Contamination and Product Damage
Sometimes textile gloves protect the product, not the wearer. In semiconductor manufacturing, precision assembly, and cleanroom environments, lint-free nylon gloves prevent skin oils, sweat, and dead skin cells from reaching sensitive components. Even a microscopic trace of oil from a fingerprint can interfere with the performance of a microchip or optical lens.
These gloves are designed to shed as few particles as possible from the fabric itself, which is why nylon and polyester are preferred over cotton in these settings. Cotton fibers shed lint readily, making them a poor choice for contamination-sensitive work despite their comfort.
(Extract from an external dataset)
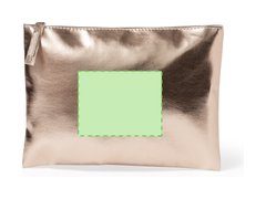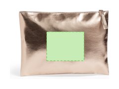 Neceser de polipiel en elegante acabado metalizado. Con cierre de cremallera y tirador a juego; disponible en colores dorado, plateado y oro rosa.
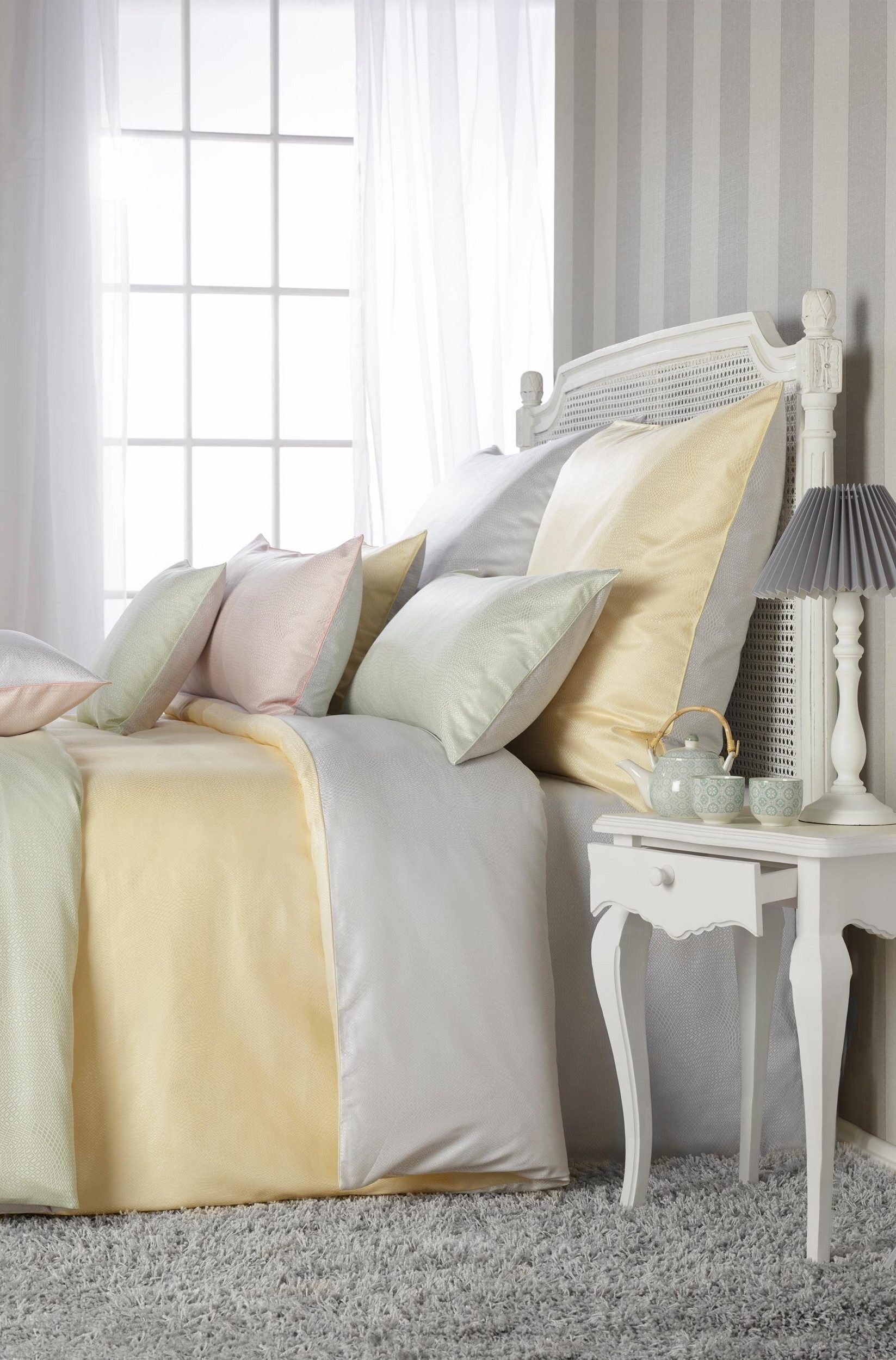 Классический дизайн GWEN выполнен в двухслойном качестве переплетенной нитью, создавая двухстронние (реверсивное) полотно. В результате получается сказочное, особенно высококачественное, долговечное и плотно сплетенное постельное белье, узор которого выглядит очень нежно с шелковым отливом в зависимости от света. Декоративный кант в наволочках подчеркивает благородный дизайн и вносит завершенность.

Skin Irritation and Dermatitis
For people with eczema or contact dermatitis, textile gloves serve a protective role that has nothing to do with workplace hazards. Cotton gloves are a go-to recommendation because they’re soft, breathable, absorbent, and easily washable. Worn over medicated skin, they lock in topical treatments while allowing airflow that prevents moisture buildup.
Bamboo fiber gloves offer a similar benefit with added moisture-wicking properties, pulling sweat away from the skin rather than absorbing it. This keeps hands drier, which reduces the bacterial growth and chafing that can worsen eczema flares. The breathability of these natural textiles is a genuine advantage over rubber, vinyl, or nitrile alternatives, which trap heat and moisture against the skin and can make irritation worse if worn for extended periods.
What Textile Gloves Don’t Protect Against
Textile gloves have a significant blind spot: liquids. Unless they’ve been coated or laminated with a waterproof layer, woven and knit fabrics absorb liquid chemicals, solvents, oils, and biological fluids rather than blocking them. A cotton or aramid glove will soak up a spilled solvent and hold it against your skin, potentially making exposure worse than wearing no glove at all.
For chemical handling, you need gloves specifically rated for the chemical in question, typically nitrile, neoprene, butyl rubber, or other nonporous materials. Many workers in mixed-hazard environments wear a cut-resistant textile liner inside a chemical-resistant outer glove to get both types of protection simultaneously.
Textile gloves also offer limited puncture protection against fine, sharp objects like hypodermic needles. The weave can slow a blade sliding across the surface but does little to stop a pointed object pressing straight through. For needlestick hazards, specialized puncture-resistant gloves with rigid or tightly woven barrier layers are necessary.